There is a smug style in American liberalism. It has been growing these past decades. It is a way of conducting politics, predicated on the belief that American life is not divided by moral difference or policy divergence — not really — but by the failure of half the country to know what's good for them.

In 2016, the smug style has found expression in media and in policy, in the attitudes of liberals both visible and private, providing a foundational set of assumptions above which a great number of liberals comport their understanding of the world.

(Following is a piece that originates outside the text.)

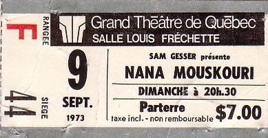 | 09.09.1973 | Québec, QC | Grand Théâtre de Québec - Salle Louis-Fréchette | CDN | Ticket | C | |||

It has led an American ideology hitherto responsible for a great share of the good accomplished over the past century of our political life to a posture of reaction and disrespect: a condescending, defensive sneer toward any person or movement outside of its consensus, dressed up as a monopoly on reason.

The smug style arose to answer these questions. It provided an answer so simple and so emotionally satisfying that its success was perhaps inevitable: the theory that conservatism, and particularly the kind embraced by those out there in the country, was not a political ideology at all.

The trouble is that stupid hicks don't know what's good for them. They're getting conned by right-wingers and tent revivalists until they believe all the lies that've made them so wrong. They don't know any better. That's why they're voting against their own self-interest.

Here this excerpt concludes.